→ WHAT IS BEING ASKED:
The records follow. Copy them exactly, but omit the pictures.

→ Data entries:
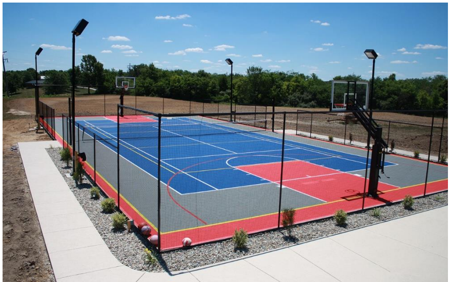
Многопрофильная площадка для игры в волейбол, баскетбол
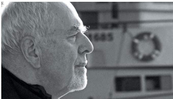
Foto z filmu Jan Klusák - Axis Temporum (2009), režie Dan Krameš.

Já jsem měl v životě na dirigenty štěstí. Hned po mém absolutoriu se mě ujal doktor Václav Smetáček, který hrál mou První symfonii (tak to říkám, ale je to pravda) ve všech světadílech kromě Antarktidy. On jezdil hodně po světě a ta První symfonie byla taková jako snadno hratelná, Smetáček říkal, že se to nemusí moc zkoušet a že je to dobrý číslo na začátek programu. Takže všude, kam přijel, tak ji dával, v Austrálii a na Novém Zélandě, v Moskvě a v Bue-
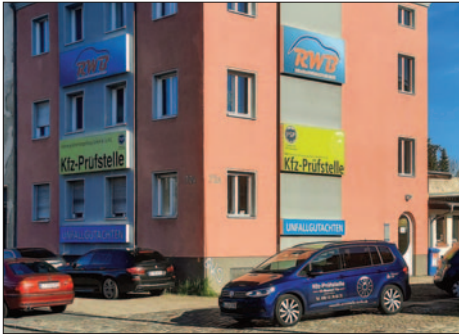
■ Die Kfz-Prüfstelle und das Sachverständigenbüro in Biesdorf erstellen Gutachten und führen Haupt- und Abgasuntersuchungen durch.

ADAC-Mitglieder erhalten hier spezielle Leistungen. Zudem ist die Durchführung von Abgas- und Hauptuntersuchungen als Partner des „TÜV Rheinland“ problemlos möglich. Änderungsabnahmen sowie Begutachtungen von Oldtimern zum Erlangen des H-Kennzeichens, gehören ebenso zum Spektrum. Termine können bequem über die Internetseite gebucht werden.
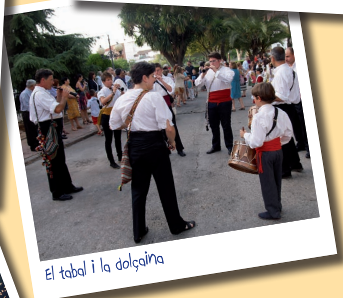
El tabal i la dolçaina
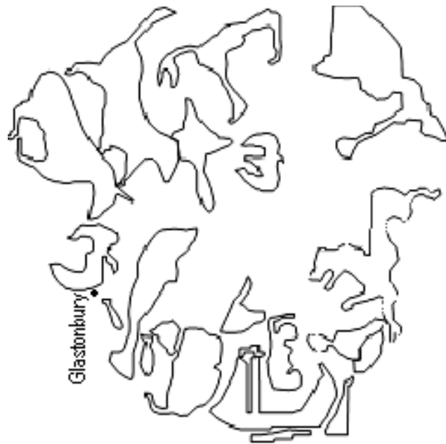
1. ábra. A földképek körvonalai. A Glastonbury körül fekvő „földképek” tükörképként mutatják az égvi jegyeket.
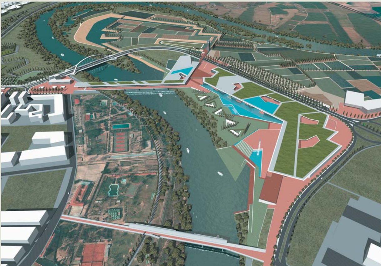
Recreación virtual del Meandro de Ranillas, escenario principal de la Expo Zaragoza 2008.

Para respaldar esta exposición se cuenta con sólidos principios y motivos de orden internacional, nacional, regional y local. Destacan el grado de desarrollo y de

→ TASK RESPONSE:
Многопрофильная площадка для игры в волейбол, баскетбол
Foto z filmu Jan Klusák - Axis Temporum (2009), režie Dan Krameš.

Já jsem měl v životě na dirigenty štěstí. Hned po mém absolutoriu se mě ujal doktor Václav Smetáček, který hrál mou První symfonii (tak to říkám, ale je to pravda) ve všech světadílech kromě Antarktidy. On jezdil hodně po světě a ta První symfonie byla taková jako snadno hratelná, Smetáček říkal, že se to nemusí moc zkoušet a že je to dobrý číslo na začátek programu. Takže všude, kam přijel, tak ji dával, v Austrálii a na Novém Zélandě, v Moskvě a v Bue-
■ Die Kfz-Prüfstelle und das Sachverständigenbüro in Biesdorf erstellen Gutachten und führen Haupt- und Abgasuntersuchungen durch.

ADAC-Mitglieder erhalten hier spezielle Leistungen. Zudem ist die Durchführung von Abgas- und Hauptuntersuchungen als Partner des „TÜV Rheinland“ problemlos möglich. Änderungsabnahmen sowie Begutachtungen von Oldtimern zum Erlangen des H-Kennzeichens, gehören ebenso zum Spektrum. Termine können bequem über die Internetseite gebucht werden.
El tabal i la dolçaina
1. ábra. A földképek körvonalai. A Glastonbury körül fekvő „földképek” tükörképként mutatják az égvi jegyeket.
Recreación virtual del Meandro de Ranillas, escenario principal de la Expo Zaragoza 2008.

Para respaldar esta exposición se cuenta con sólidos principios y motivos de orden internacional, nacional, regional y local. Destacan el grado de desarrollo y de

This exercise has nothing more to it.